Damage and permeability response modeling of coal reservoirs subjected to liquid nitrogen fracturing using a heterogeneous fully-coupled model

The liquid nitrogen (LN2) fracturing technology is a promising method to enhance coalbed methane (CBM) recovery. This study aimed to examine the impact of diverse factors on the fracturing of coal reservoirs using LN2. A thermo-hydro-mechanical-damage (THMD) coupling model that considers reservoir heterogeneity was developed. The effects of reservoir conditions on the damage characteristics and permeability enhancement of a coal reservoir fractured with LN2 were investigated.
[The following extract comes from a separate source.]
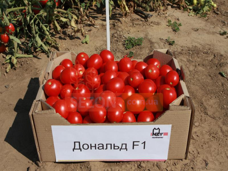 Томат Дональд F1 - суперранній промисловий томат, що відмінно підходить для цільноплідного консервування, переробки, а також для свіжого ринку. Кущ рослини компактний, плоди округло-овальні, що відрізняються відмінною траспортабельністю. Вид: кущовий. Кількість насіння за 1 г: 250-300 шт. Термін вегетації: 80-95 днів. Маса плода: 45-55 г.

The results showed that the reservoir fracturing process with LN2 can be divided into three stages: the initiation stage, the breakdown stage, and the complete damage stage. Higher initial reservoir temperatures were found to be conducive to the development of damage cracks, increasing the permeability enhancement effect of reservoir fracturing with LN2. With an increase in the initial reservoir temperature from 25 degrees C to 95 degrees C, the final permeability increased by 13.81 %, and the initiation and breakdown pressures decreased by 21.35 % and 15.81 %, respectively. The permeability enhancement effect was optimal when the ratio of the maximum horizontal principal stress to vertical stress (H/V ratio) was 1.5. When the H/V ratio reaches 1.5, the final permeability also reaches a maximum (0.197 mD), and the breakdown pressure decreases slightly (20.98 MPa). The elastic modulus, thermal expansion coefficient, and thermal conductivity were key physical parameters affecting the damage and permeability of fracturing coal reservoirs with LN2. Our findings provide a theoretical basis for the efficient fracturing of coal reservoirs with LN2 from an engineering perspective.